BEGIN

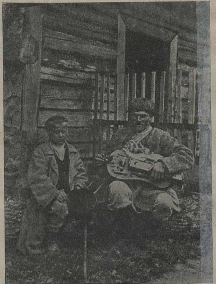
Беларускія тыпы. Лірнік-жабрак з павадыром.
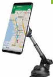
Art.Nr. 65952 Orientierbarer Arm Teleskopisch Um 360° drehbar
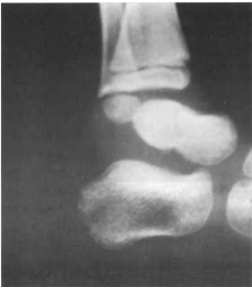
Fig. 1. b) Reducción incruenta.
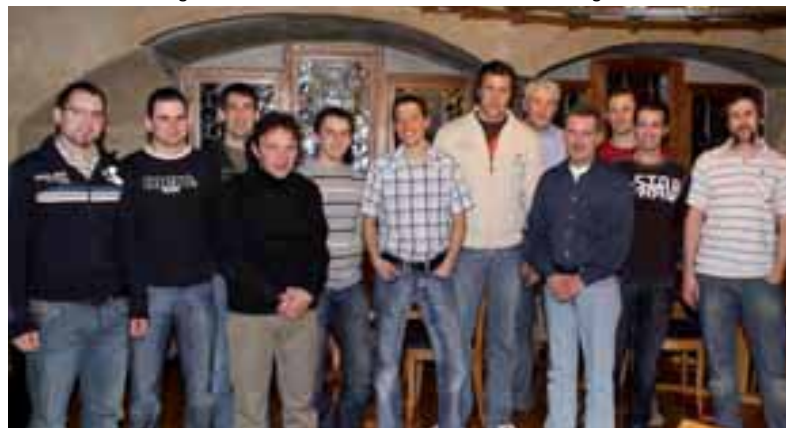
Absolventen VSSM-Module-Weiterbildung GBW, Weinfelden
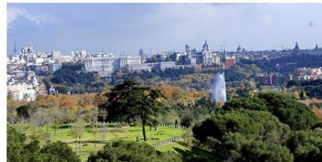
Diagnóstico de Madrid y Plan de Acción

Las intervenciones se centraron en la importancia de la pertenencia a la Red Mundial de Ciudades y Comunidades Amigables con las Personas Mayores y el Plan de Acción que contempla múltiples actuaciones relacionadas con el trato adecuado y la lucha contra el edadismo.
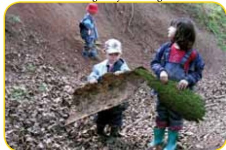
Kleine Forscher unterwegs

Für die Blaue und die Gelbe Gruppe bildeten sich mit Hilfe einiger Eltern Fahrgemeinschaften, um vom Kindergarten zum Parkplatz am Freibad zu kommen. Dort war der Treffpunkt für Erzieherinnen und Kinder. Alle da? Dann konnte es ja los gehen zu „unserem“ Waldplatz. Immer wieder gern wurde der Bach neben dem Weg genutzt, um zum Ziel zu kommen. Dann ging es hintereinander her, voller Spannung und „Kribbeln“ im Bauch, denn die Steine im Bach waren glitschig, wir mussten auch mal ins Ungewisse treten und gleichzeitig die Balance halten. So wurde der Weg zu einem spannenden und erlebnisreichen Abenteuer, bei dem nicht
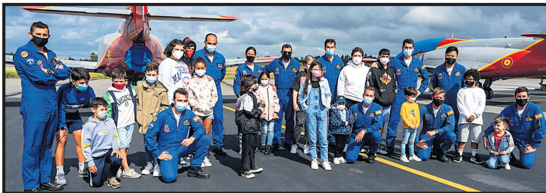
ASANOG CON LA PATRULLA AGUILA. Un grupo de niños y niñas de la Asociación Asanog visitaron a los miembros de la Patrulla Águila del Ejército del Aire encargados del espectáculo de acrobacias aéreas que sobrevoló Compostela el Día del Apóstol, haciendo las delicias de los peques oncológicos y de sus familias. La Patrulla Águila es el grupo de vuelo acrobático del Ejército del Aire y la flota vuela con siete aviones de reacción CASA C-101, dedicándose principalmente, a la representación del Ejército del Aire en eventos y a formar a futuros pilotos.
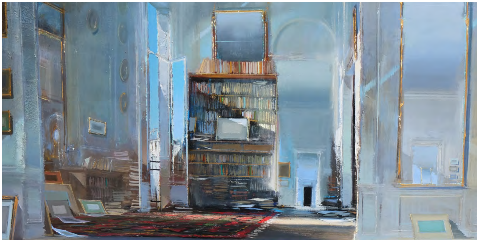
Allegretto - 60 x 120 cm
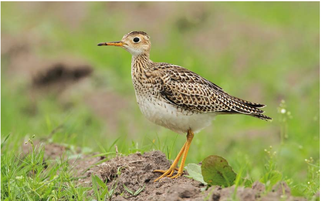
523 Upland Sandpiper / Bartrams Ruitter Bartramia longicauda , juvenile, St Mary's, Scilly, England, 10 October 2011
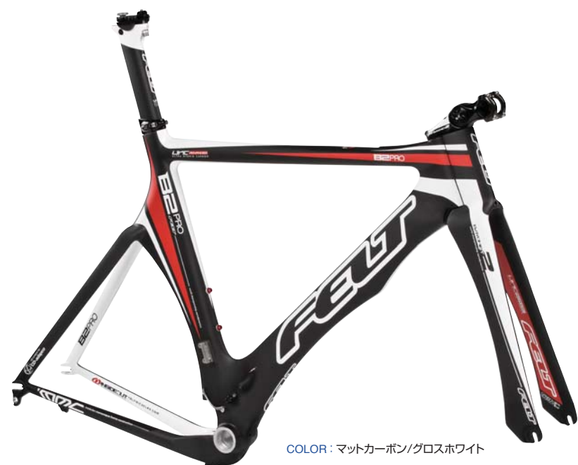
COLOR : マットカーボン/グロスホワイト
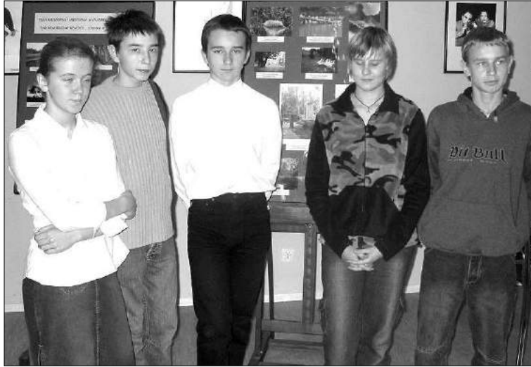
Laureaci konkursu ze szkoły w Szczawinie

END
BEGIN

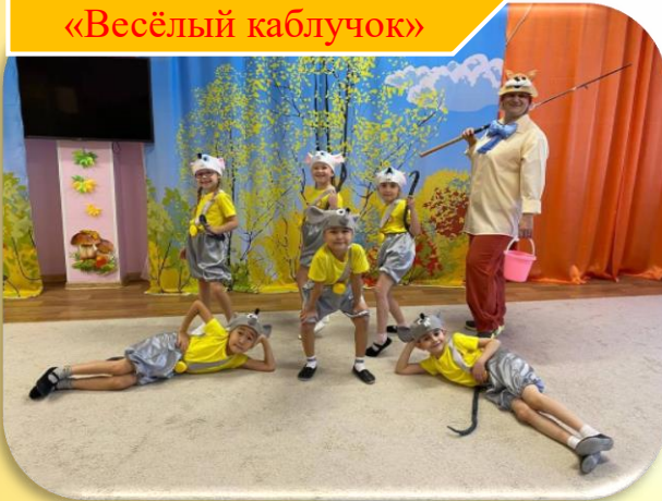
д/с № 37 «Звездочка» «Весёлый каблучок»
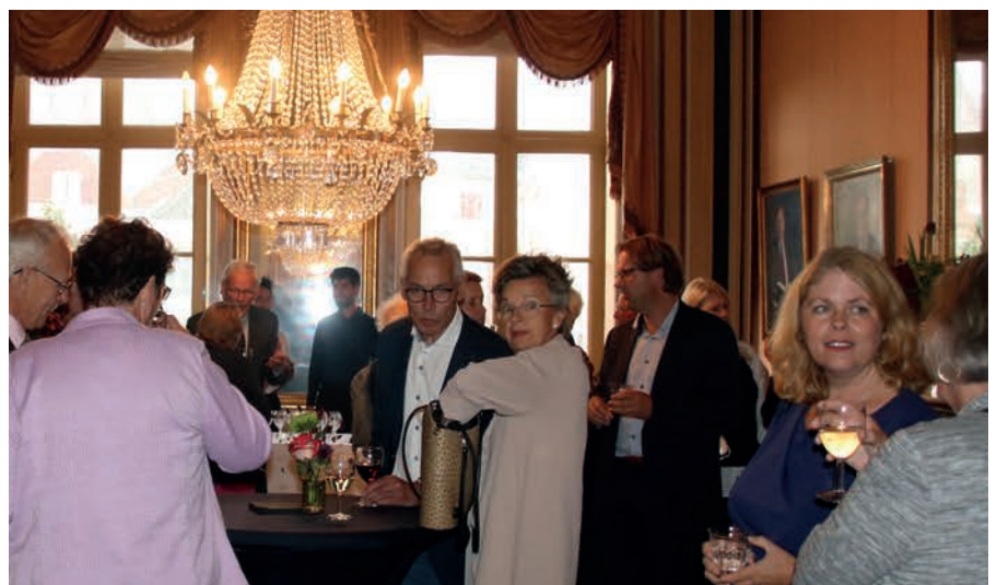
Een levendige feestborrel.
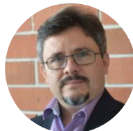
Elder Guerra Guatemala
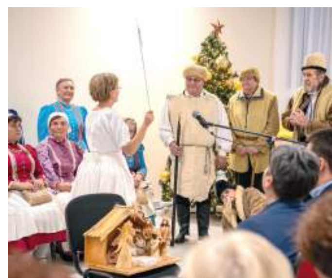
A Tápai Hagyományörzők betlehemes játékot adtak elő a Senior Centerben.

END

Exercise aim: In the records above, find the line with "Kleine Forscher unterwegs" and the line with "Laureaci konkursu ze szkoły w Szczawinie". Write out exactly those lines and every one between, with no pictures and no other lines.

Answer to the exercise:
Kleine Forscher unterwegs

Für die Blaue und die Gelbe Gruppe bildeten sich mit Hilfe einiger Eltern Fahrgemeinschaften, um vom Kindergarten zum Parkplatz am Freibad zu kommen. Dort war der Treffpunkt für Erzieherinnen und Kinder. Alle da? Dann konnte es ja los gehen zu „unserem“ Waldplatz. Immer wieder gern wurde der Bach neben dem Weg genutzt, um zum Ziel zu kommen. Dann ging es hintereinander her, voller Spannung und „Kribbeln“ im Bauch, denn die Steine im Bach waren glitschig, wir mussten auch mal ins Ungewisse treten und gleichzeitig die Balance halten. So wurde der Weg zu einem spannenden und erlebnisreichen Abenteuer, bei dem nicht
ASANOG CON LA PATRULLA AGUILA. Un grupo de niños y niñas de la Asociación Asanog visitaron a los miembros de la Patrulla Águila del Ejército del Aire encargados del espectáculo de acrobacias aéreas que sobrevoló Compostela el Día del Apóstol, haciendo las delicias de los peques oncológicos y de sus familias. La Patrulla Águila es el grupo de vuelo acrobático del Ejército del Aire y la flota vuela con siete aviones de reacción CASA C-101, dedicándose principalmente, a la representación del Ejército del Aire en eventos y a formar a futuros pilotos.
Allegretto - 60 x 120 cm
523 Upland Sandpiper / Bartrams Ruitter Bartramia longicauda , juvenile, St Mary's, Scilly, England, 10 October 2011
COLOR : マットカーボン/グロスホワイト
Laureaci konkursu ze szkoły w Szczawinie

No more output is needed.